Wednesday, January 16, 2008 | 02:54 PM ET

This is the fourth time I’ve been invited to Park City, Utah to attend Bob Redford’s little vanity project (which has become one of the top five film festivals on the planet), and it’s my third world premiere. Funny place to have a world premiere, in a remote mountain ski resort in one of the more conservative states of America — especially considering I don’t ski — but that’s show business.

When I first traveled to Sundance in 1995 with my movie Super 8 ½, the festival was essentially two snow banks and a pre-eyeliner Jared Leto. But even then it had apparently become too mainstream for some disgruntled film folk, who started up a parallel film festival, Slamdance, that year. (A few years later, an alternative to the alternative, called Slamdunk, would emerge, followed by Tromadance, the only festival with no entry fee and free screenings.)

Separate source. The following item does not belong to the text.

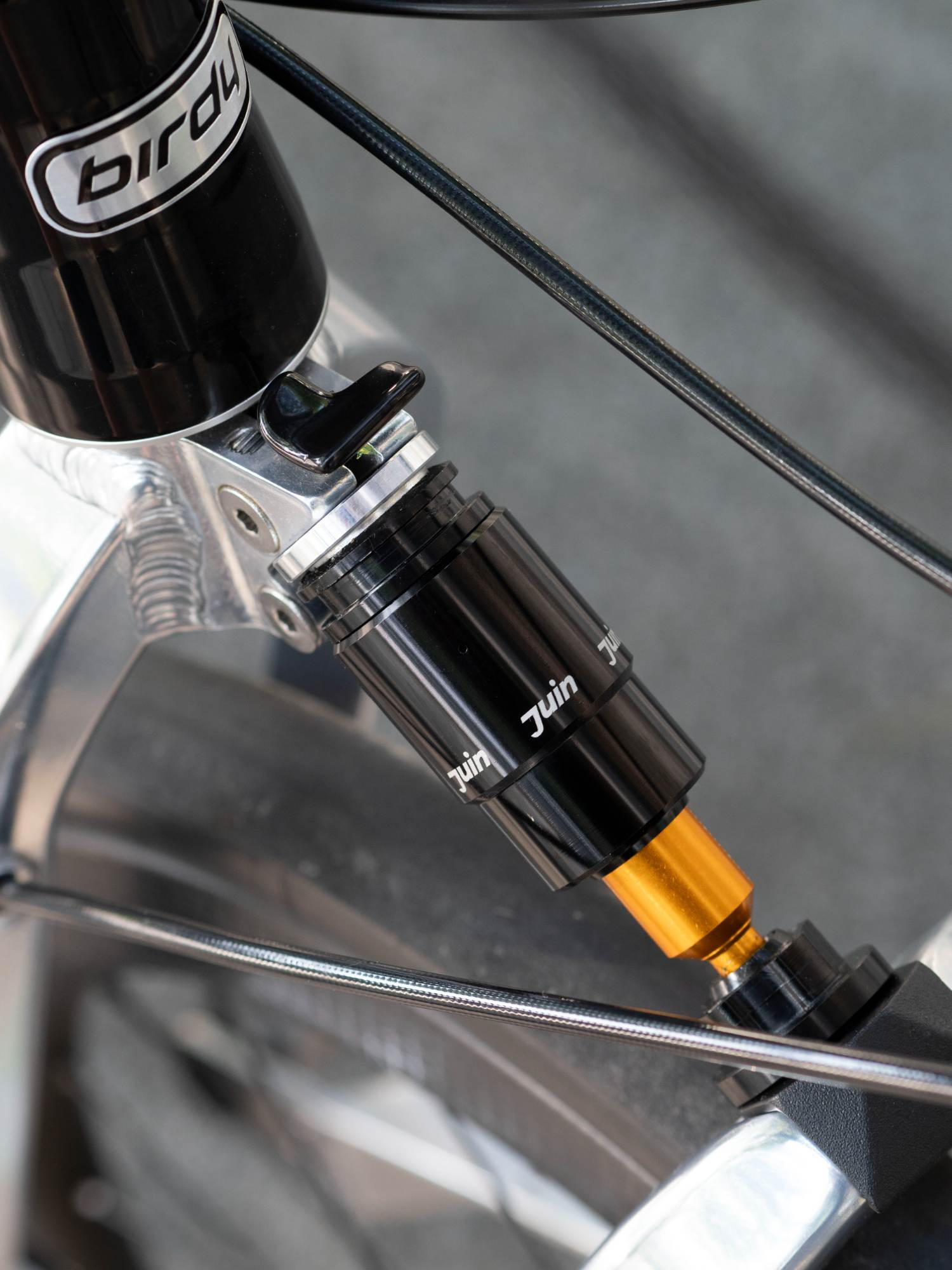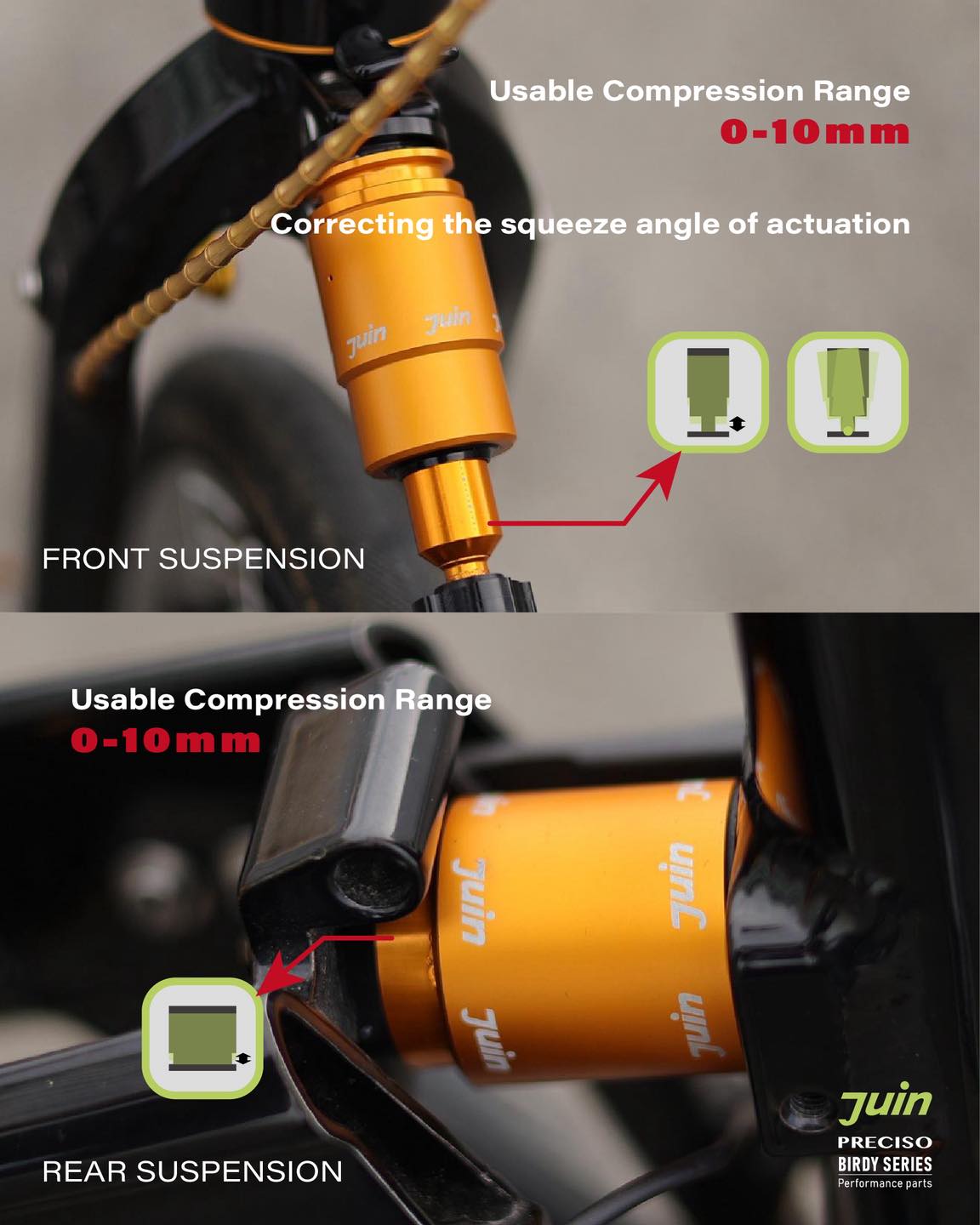 JuinTECH避震器系統採用油壓/彈簧/優力膠的混合式阻尼,我們有實際騎乘過升級避震器的車,心得感想:「路面的震動明顯減輕,騎著 BIRDY...更像是貼地飛行了!」

I can’t remember much about my screening in 1995, but I do vividly recall attending Larry Clark’s Kids, the sensation of the festival, as the guest of its executive producer, Gus Van Sant, and its writer, Harmony Korine. I remember because Gus and his then-boyfriend, D-J, and I smuggled a bottle of tequila into the screening and kept slipping it to Harmony, who was under the legal drinking age. Fun times!

The following year, I presented the world premiere of my movie Hustler White. at Sundance. Hollywood had really begun to descend on the festival with a vengeance, like a plague of sewage (see: the South Park episode about Sundance). It was still fun, but there were too many agents and entertainment lawyers and other men in black running rings around the poor Parker Poseys, desperately looking for the next big thing. As I had partly financed my film by pre-selling U.S. rights, they pretty much left me alone. Besides, a movie featuring an amputee hustler who pleasures his clients with his leg stump isn’t necessarily the kind of indie fare they’re looking for to break into the multiplexes.

Four years ago I returned to Sundance with The Raspberry Reich, a sexually explicit movie about the leader of a gang of extreme left-wing terrorists who makes her straight male followers have sex with each other to prove their revolutionary commitment. Once again, it wasn’t exactly Little Miss Sunshine, and as it had been pre-sold to US. distributor Strand Releasing, I wasn’t paid much mind, although the film did go on to play at over 150 film festivals worldwide. This time I was a little shocked to discover that Sundance had become so overrun by Hollywood types that Paris Hilton herself was in attendance. In fact, at one party, I was asked to relinquish my banquette beside the DJ booth to make way for the Queen of All Emptiness. Only to prove that chivalry wasn’t quite dead yet, I magnanimously complied.

Returning this year with my new movie, Otto; or, Up with Dead People, all bets are off. It’s another world premiere, but this time we haven’t pre-sold the U.S. territory. I will be attending with my Canadian co-producers, Jennifer Jonas and Leonard Farlinger of New Real Films, and our sales agent, Charlotte Mickie of Maximum Films, who will have the pleasure of trying to sell a melancholy gay zombie movie with political overtones to a mob of distributors looking for the next Juno. On the upside, I’m in the Park City at Midnight section alongside Diary of the Dead, directed by recent Toronto resident George A. Romero, the master of the zombie genre. Apparently we used the same camera to shoot our respective zombie movies, the Panasonic 900 HDX. I couldn’t be more thrilled.